Exactly as written, reproduce all of the entries.

→ Exercise input
──────────────────────────────
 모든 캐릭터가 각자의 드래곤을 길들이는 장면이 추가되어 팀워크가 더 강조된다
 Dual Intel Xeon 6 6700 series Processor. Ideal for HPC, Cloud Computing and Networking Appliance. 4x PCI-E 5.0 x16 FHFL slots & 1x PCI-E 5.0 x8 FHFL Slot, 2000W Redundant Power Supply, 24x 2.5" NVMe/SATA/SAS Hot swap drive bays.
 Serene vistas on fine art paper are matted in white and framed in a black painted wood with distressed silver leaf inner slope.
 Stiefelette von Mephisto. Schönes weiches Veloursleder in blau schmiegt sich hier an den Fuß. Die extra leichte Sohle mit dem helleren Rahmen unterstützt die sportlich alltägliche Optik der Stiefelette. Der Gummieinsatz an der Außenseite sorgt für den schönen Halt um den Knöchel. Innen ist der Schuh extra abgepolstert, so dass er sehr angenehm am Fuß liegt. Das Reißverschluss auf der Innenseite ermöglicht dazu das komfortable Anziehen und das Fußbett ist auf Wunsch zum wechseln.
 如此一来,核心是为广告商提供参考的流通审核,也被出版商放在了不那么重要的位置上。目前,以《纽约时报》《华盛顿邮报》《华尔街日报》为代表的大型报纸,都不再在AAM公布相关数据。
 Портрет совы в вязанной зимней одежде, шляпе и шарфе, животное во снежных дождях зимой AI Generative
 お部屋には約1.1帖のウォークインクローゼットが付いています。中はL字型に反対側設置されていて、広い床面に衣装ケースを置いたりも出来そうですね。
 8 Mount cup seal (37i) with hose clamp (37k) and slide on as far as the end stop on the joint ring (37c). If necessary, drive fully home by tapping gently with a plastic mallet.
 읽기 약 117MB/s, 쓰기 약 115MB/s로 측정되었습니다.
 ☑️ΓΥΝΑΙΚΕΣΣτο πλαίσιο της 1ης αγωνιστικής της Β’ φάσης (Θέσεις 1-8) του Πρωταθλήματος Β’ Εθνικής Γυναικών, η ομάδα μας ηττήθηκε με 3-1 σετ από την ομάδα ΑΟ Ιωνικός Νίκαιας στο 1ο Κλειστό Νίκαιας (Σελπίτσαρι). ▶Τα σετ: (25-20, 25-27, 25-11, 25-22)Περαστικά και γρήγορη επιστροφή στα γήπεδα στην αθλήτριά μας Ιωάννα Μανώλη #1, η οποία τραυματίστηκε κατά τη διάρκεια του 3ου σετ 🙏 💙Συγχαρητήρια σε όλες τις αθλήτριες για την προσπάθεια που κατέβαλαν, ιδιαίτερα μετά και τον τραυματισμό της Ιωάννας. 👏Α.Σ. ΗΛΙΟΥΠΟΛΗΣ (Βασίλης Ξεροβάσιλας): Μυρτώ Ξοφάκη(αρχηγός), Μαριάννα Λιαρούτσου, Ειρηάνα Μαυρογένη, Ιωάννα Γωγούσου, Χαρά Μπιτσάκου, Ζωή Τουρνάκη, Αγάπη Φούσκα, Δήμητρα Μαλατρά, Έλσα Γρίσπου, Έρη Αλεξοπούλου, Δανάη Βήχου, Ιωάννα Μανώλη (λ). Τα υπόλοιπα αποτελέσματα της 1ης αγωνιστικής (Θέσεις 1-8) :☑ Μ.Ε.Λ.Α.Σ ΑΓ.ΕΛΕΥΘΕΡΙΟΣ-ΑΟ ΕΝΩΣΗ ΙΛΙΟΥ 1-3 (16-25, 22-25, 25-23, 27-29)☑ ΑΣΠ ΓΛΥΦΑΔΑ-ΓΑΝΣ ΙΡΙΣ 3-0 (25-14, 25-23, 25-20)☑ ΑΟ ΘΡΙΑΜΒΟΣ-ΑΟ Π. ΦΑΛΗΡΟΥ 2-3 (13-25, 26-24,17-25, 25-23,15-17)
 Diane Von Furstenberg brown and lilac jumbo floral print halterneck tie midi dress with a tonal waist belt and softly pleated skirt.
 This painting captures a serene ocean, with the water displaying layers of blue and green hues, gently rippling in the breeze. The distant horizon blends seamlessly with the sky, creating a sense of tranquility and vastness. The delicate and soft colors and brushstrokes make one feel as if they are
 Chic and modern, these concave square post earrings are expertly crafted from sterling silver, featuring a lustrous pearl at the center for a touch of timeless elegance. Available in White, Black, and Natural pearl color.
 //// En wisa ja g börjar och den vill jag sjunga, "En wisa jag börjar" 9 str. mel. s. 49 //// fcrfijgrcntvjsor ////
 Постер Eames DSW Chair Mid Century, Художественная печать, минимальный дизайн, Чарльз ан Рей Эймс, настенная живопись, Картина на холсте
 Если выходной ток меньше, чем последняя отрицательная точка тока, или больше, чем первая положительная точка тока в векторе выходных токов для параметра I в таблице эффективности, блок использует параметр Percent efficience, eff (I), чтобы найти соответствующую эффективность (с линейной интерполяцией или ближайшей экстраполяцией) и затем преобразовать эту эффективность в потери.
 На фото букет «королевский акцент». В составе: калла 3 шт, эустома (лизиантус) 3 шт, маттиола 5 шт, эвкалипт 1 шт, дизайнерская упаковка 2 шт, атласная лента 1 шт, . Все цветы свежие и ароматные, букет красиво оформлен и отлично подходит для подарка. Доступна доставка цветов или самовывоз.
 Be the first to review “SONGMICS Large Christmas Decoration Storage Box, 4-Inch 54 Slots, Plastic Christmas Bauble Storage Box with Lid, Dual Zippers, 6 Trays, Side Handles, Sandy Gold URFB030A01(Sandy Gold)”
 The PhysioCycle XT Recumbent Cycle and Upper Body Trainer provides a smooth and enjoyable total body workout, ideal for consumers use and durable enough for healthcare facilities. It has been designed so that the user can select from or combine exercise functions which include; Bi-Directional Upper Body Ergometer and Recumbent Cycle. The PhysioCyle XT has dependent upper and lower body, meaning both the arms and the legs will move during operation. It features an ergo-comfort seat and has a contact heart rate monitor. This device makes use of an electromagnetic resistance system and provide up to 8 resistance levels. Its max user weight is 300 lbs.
──────────────────────────────
→ Answer to this task
 모든 캐릭터가 각자의 드래곤을 길들이는 장면이 추가되어 팀워크가 더 강조된다
 Dual Intel Xeon 6 6700 series Processor. Ideal for HPC, Cloud Computing and Networking Appliance. 4x PCI-E 5.0 x16 FHFL slots & 1x PCI-E 5.0 x8 FHFL Slot, 2000W Redundant Power Supply, 24x 2.5" NVMe/SATA/SAS Hot swap drive bays.
 Serene vistas on fine art paper are matted in white and framed in a black painted wood with distressed silver leaf inner slope.
 Stiefelette von Mephisto. Schönes weiches Veloursleder in blau schmiegt sich hier an den Fuß. Die extra leichte Sohle mit dem helleren Rahmen unterstützt die sportlich alltägliche Optik der Stiefelette. Der Gummieinsatz an der Außenseite sorgt für den schönen Halt um den Knöchel. Innen ist der Schuh extra abgepolstert, so dass er sehr angenehm am Fuß liegt. Das Reißverschluss auf der Innenseite ermöglicht dazu das komfortable Anziehen und das Fußbett ist auf Wunsch zum wechseln.
 如此一来,核心是为广告商提供参考的流通审核,也被出版商放在了不那么重要的位置上。目前,以《纽约时报》《华盛顿邮报》《华尔街日报》为代表的大型报纸,都不再在AAM公布相关数据。
 Портрет совы в вязанной зимней одежде, шляпе и шарфе, животное во снежных дождях зимой AI Generative
 お部屋には約1.1帖のウォークインクローゼットが付いています。中はL字型に反対側設置されていて、広い床面に衣装ケースを置いたりも出来そうですね。
 8 Mount cup seal (37i) with hose clamp (37k) and slide on as far as the end stop on the joint ring (37c). If necessary, drive fully home by tapping gently with a plastic mallet.
 읽기 약 117MB/s, 쓰기 약 115MB/s로 측정되었습니다.
 ☑️ΓΥΝΑΙΚΕΣΣτο πλαίσιο της 1ης αγωνιστικής της Β’ φάσης (Θέσεις 1-8) του Πρωταθλήματος Β’ Εθνικής Γυναικών, η ομάδα μας ηττήθηκε με 3-1 σετ από την ομάδα ΑΟ Ιωνικός Νίκαιας στο 1ο Κλειστό Νίκαιας (Σελπίτσαρι). ▶Τα σετ: (25-20, 25-27, 25-11, 25-22)Περαστικά και γρήγορη επιστροφή στα γήπεδα στην αθλήτριά μας Ιωάννα Μανώλη #1, η οποία τραυματίστηκε κατά τη διάρκεια του 3ου σετ 🙏 💙Συγχαρητήρια σε όλες τις αθλήτριες για την προσπάθεια που κατέβαλαν, ιδιαίτερα μετά και τον τραυματισμό της Ιωάννας. 👏Α.Σ. ΗΛΙΟΥΠΟΛΗΣ (Βασίλης Ξεροβάσιλας): Μυρτώ Ξοφάκη(αρχηγός), Μαριάννα Λιαρούτσου, Ειρηάνα Μαυρογένη, Ιωάννα Γωγούσου, Χαρά Μπιτσάκου, Ζωή Τουρνάκη, Αγάπη Φούσκα, Δήμητρα Μαλατρά, Έλσα Γρίσπου, Έρη Αλεξοπούλου, Δανάη Βήχου, Ιωάννα Μανώλη (λ). Τα υπόλοιπα αποτελέσματα της 1ης αγωνιστικής (Θέσεις 1-8) :☑ Μ.Ε.Λ.Α.Σ ΑΓ.ΕΛΕΥΘΕΡΙΟΣ-ΑΟ ΕΝΩΣΗ ΙΛΙΟΥ 1-3 (16-25, 22-25, 25-23, 27-29)☑ ΑΣΠ ΓΛΥΦΑΔΑ-ΓΑΝΣ ΙΡΙΣ 3-0 (25-14, 25-23, 25-20)☑ ΑΟ ΘΡΙΑΜΒΟΣ-ΑΟ Π. ΦΑΛΗΡΟΥ 2-3 (13-25, 26-24,17-25, 25-23,15-17)
 Diane Von Furstenberg brown and lilac jumbo floral print halterneck tie midi dress with a tonal waist belt and softly pleated skirt.
 This painting captures a serene ocean, with the water displaying layers of blue and green hues, gently rippling in the breeze. The distant horizon blends seamlessly with the sky, creating a sense of tranquility and vastness. The delicate and soft colors and brushstrokes make one feel as if they are
 Chic and modern, these concave square post earrings are expertly crafted from sterling silver, featuring a lustrous pearl at the center for a touch of timeless elegance. Available in White, Black, and Natural pearl color.
 //// En wisa ja g börjar och den vill jag sjunga, "En wisa jag börjar" 9 str. mel. s. 49 //// fcrfijgrcntvjsor ////
 Постер Eames DSW Chair Mid Century, Художественная печать, минимальный дизайн, Чарльз ан Рей Эймс, настенная живопись, Картина на холсте
 Если выходной ток меньше, чем последняя отрицательная точка тока, или больше, чем первая положительная точка тока в векторе выходных токов для параметра I в таблице эффективности, блок использует параметр Percent efficience, eff (I), чтобы найти соответствующую эффективность (с линейной интерполяцией или ближайшей экстраполяцией) и затем преобразовать эту эффективность в потери.
 На фото букет «королевский акцент». В составе: калла 3 шт, эустома (лизиантус) 3 шт, маттиола 5 шт, эвкалипт 1 шт, дизайнерская упаковка 2 шт, атласная лента 1 шт, . Все цветы свежие и ароматные, букет красиво оформлен и отлично подходит для подарка. Доступна доставка цветов или самовывоз.
 Be the first to review “SONGMICS Large Christmas Decoration Storage Box, 4-Inch 54 Slots, Plastic Christmas Bauble Storage Box with Lid, Dual Zippers, 6 Trays, Side Handles, Sandy Gold URFB030A01(Sandy Gold)”
 The PhysioCycle XT Recumbent Cycle and Upper Body Trainer provides a smooth and enjoyable total body workout, ideal for consumers use and durable enough for healthcare facilities. It has been designed so that the user can select from or combine exercise functions which include; Bi-Directional Upper Body Ergometer and Recumbent Cycle. The PhysioCyle XT has dependent upper and lower body, meaning both the arms and the legs will move during operation. It features an ergo-comfort seat and has a contact heart rate monitor. This device makes use of an electromagnetic resistance system and provide up to 8 resistance levels. Its max user weight is 300 lbs.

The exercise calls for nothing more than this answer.